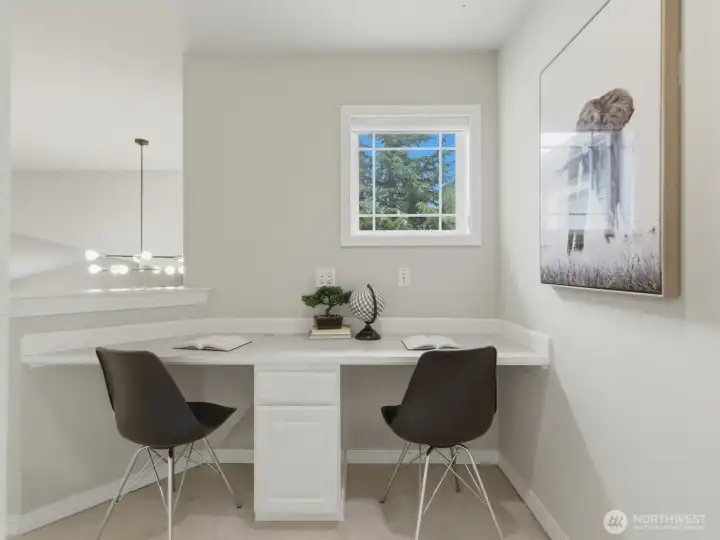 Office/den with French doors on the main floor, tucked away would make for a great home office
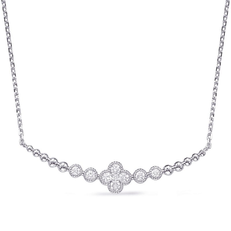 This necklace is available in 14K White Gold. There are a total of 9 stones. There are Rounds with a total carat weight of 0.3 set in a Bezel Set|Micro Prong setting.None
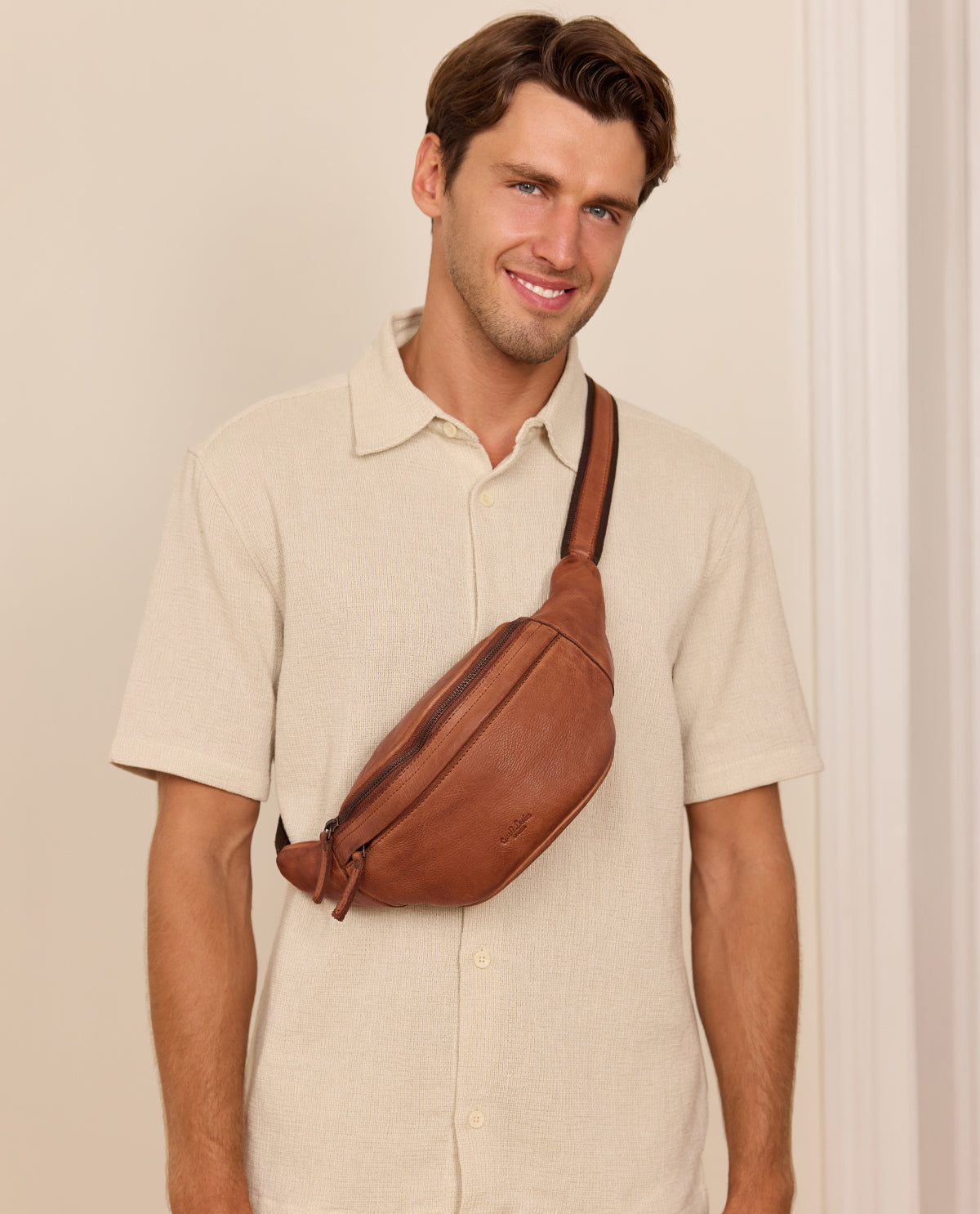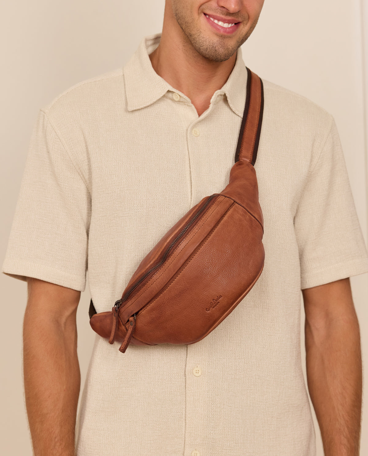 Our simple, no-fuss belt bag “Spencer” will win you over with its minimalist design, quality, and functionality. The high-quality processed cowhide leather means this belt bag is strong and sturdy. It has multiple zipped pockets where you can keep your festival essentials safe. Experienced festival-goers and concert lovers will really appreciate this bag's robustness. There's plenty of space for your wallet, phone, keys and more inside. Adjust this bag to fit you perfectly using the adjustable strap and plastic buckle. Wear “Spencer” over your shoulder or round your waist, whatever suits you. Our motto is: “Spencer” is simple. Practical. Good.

******

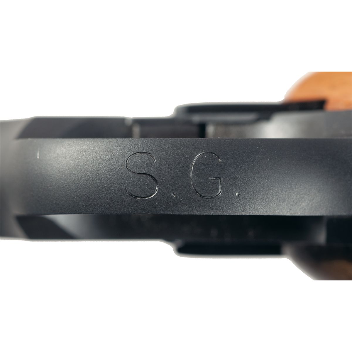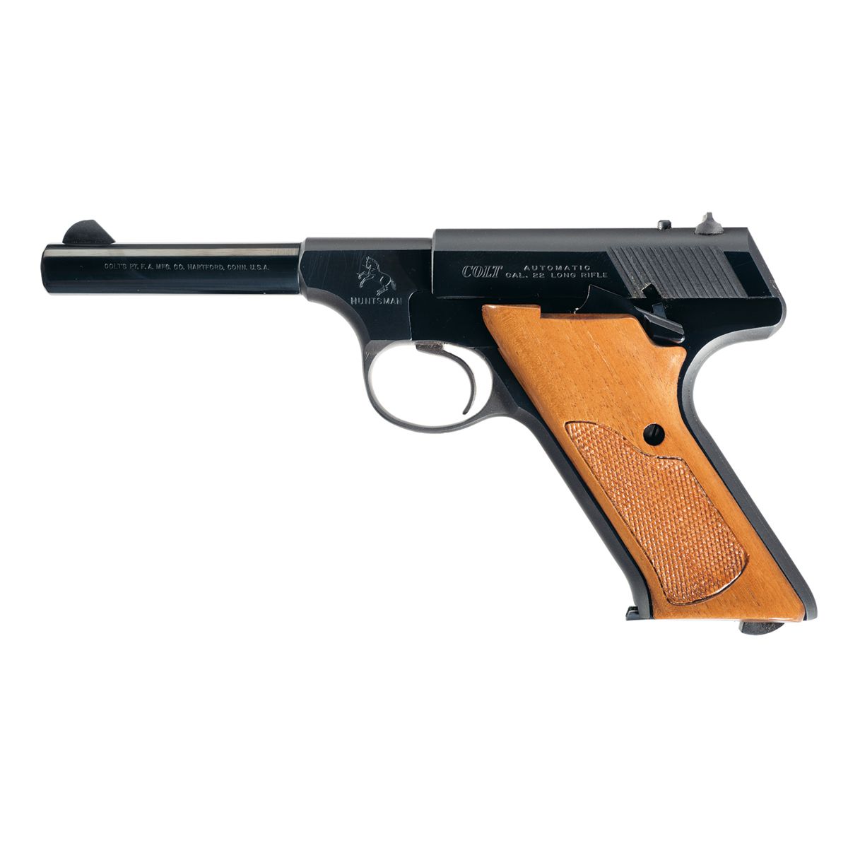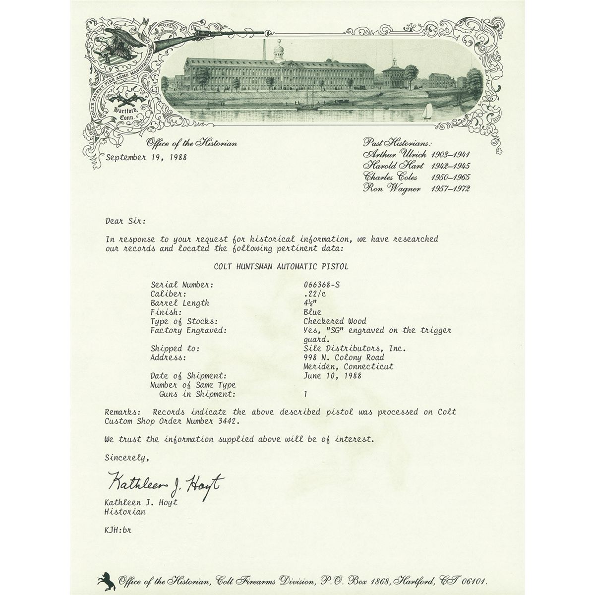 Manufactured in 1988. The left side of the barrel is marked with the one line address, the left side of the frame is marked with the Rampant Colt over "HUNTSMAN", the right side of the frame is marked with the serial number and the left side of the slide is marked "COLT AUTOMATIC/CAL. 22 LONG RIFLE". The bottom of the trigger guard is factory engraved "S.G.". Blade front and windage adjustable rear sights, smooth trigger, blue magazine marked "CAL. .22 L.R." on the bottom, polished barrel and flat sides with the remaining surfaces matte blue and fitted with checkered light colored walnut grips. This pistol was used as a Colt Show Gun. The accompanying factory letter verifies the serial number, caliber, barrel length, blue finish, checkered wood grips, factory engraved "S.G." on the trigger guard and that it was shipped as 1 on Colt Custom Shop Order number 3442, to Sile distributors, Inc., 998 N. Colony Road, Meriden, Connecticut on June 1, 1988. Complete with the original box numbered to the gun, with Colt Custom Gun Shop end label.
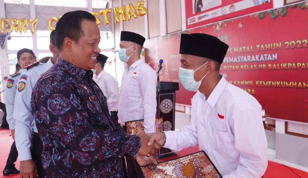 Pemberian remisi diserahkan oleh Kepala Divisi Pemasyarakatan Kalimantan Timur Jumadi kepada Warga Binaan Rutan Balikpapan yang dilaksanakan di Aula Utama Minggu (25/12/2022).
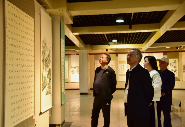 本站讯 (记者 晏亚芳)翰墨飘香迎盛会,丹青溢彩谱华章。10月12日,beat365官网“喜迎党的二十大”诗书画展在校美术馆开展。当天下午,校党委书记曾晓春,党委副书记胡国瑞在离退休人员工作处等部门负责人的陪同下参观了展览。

******

The problem: Look above for the line with "Office/den with French" and the line with "This necklace is", then restate exactly those two lines and all lines between them, with no pictures.

Answer section:
 Office/den with French doors on the main floor, tucked away would make for a great home office
 This necklace is available in 14K White Gold. There are a total of 9 stones. There are Rounds with a total carat weight of 0.3 set in a Bezel Set|Micro Prong setting.None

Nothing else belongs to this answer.